Background

Osteoarthritis is a very frequent disease, especially in elderly people. Caused by overweight, improper loading of the joint, injuries, dysplasia, arthritis, or other arthropathies, progressive destruction of the joint cartilage may potentially involve the bone, the joint capsule, and the adjacent muscles [1, 2]. Very frequently, OA is a cause of pain. In the beginning, only repeated movements or burden applied to the joint are painful. Later, pain may occur during rest or at night. The joints are deformed, passive and/or active mobility are impaired.

Conservative treatment methods involve weight reduction, physiotherapy, and orthopedic devices. Local and oral analgesics are often prescribed. More invasively, corticoids and hyaluronic acid are injected into the joints. In case of severe synovitis, radiosynoviorthesis may be recommendable. Finally, joint-preserving or joint-replacing surgical interventions are performed [3, 4].

The analgesic effect of radiotherapy in patients with OA has been known for a long time. There is a large body of retrospective publications showing a good analgesic effect of radiotherapy for osteoarthritis of the knee joint in 58–91% of patients [2], whereas literature on hand and finger joints is rare [1].

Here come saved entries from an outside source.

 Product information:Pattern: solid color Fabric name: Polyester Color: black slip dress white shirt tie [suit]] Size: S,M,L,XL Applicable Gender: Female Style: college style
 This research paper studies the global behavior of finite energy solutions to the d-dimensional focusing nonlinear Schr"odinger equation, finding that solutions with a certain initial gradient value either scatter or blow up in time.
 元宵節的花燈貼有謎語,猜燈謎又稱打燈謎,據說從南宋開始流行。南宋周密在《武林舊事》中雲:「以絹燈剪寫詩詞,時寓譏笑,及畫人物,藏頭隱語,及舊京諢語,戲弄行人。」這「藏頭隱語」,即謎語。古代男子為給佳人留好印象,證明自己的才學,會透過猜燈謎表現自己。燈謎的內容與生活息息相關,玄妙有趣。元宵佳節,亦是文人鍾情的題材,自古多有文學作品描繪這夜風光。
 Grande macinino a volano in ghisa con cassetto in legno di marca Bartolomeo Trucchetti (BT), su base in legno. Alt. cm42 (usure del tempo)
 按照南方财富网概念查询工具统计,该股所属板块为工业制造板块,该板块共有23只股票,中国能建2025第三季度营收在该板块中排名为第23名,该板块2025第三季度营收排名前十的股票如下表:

There have been ample research activities on arthritis models in order to clarify the mechanism of the effect of radiotherapy in OA treatment, which have led to an improved understanding. Radiation has been shown to inhibit the adhesion of macrophages to the endothelium, induce expression of the x‑linked apoptosis inhibitor, of TGFß, reduce the expression of E‑ and L‑selectin, and inhibit the expression of IL‑1 and CCL 20. All these effects are maximal after single doses of 0.3–0.7 Gy [5,6,7].

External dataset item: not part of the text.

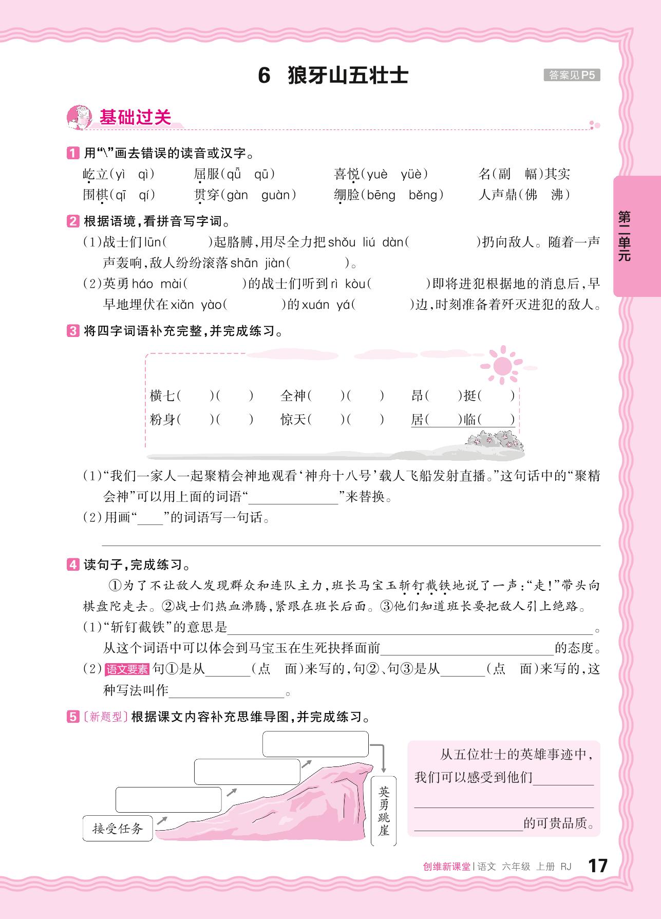 2024秋上册六年级语文人教版 第二单元 革命岁月——6. 狼牙山五壮士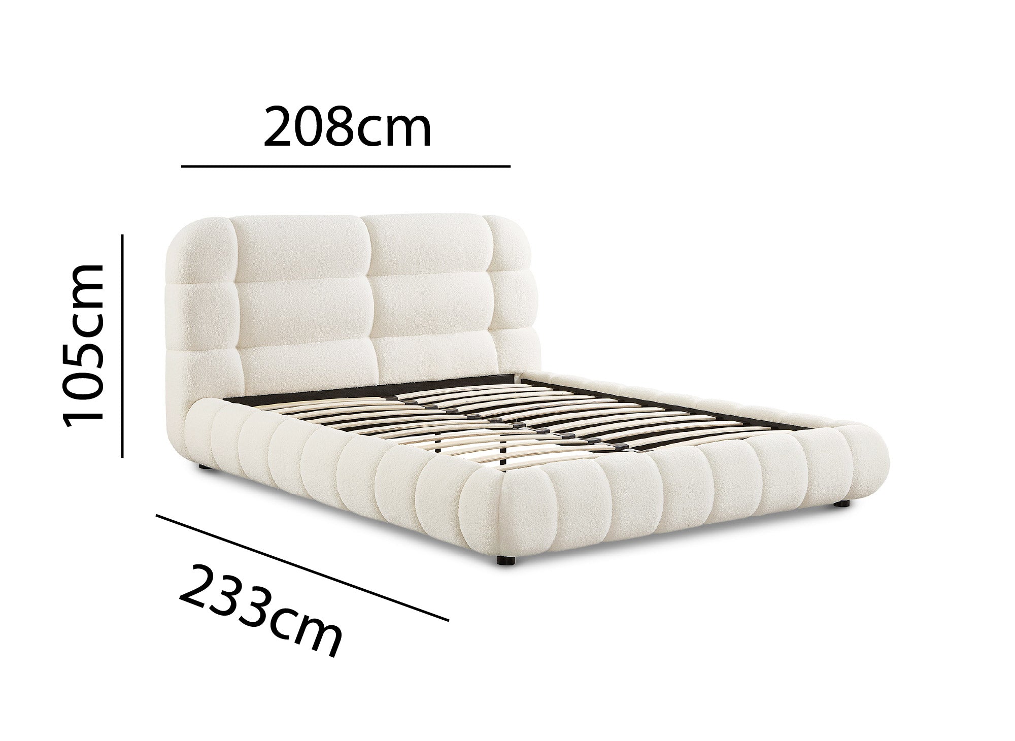 Transforma tu dormitorio en un remanso de paz y estilo con la cama YOURI de tela bouclé color crudo, una elección perfecta para quienes buscan combinar un diseño sofisticado con la máxima comodidad.

We thus conducted a prospective randomized trial in order to examine the effect of radiotherapy on painful OA and to achieve a high level of evidence.

Patients and methods

Patients meeting the following criteria were included into this trial: clinical diagnosis of OA of the knee and/or hand or finger joints, radiological proof of the diagnosis (plain radiographs), duration of anamnesis more than 3 months, favorable general health status.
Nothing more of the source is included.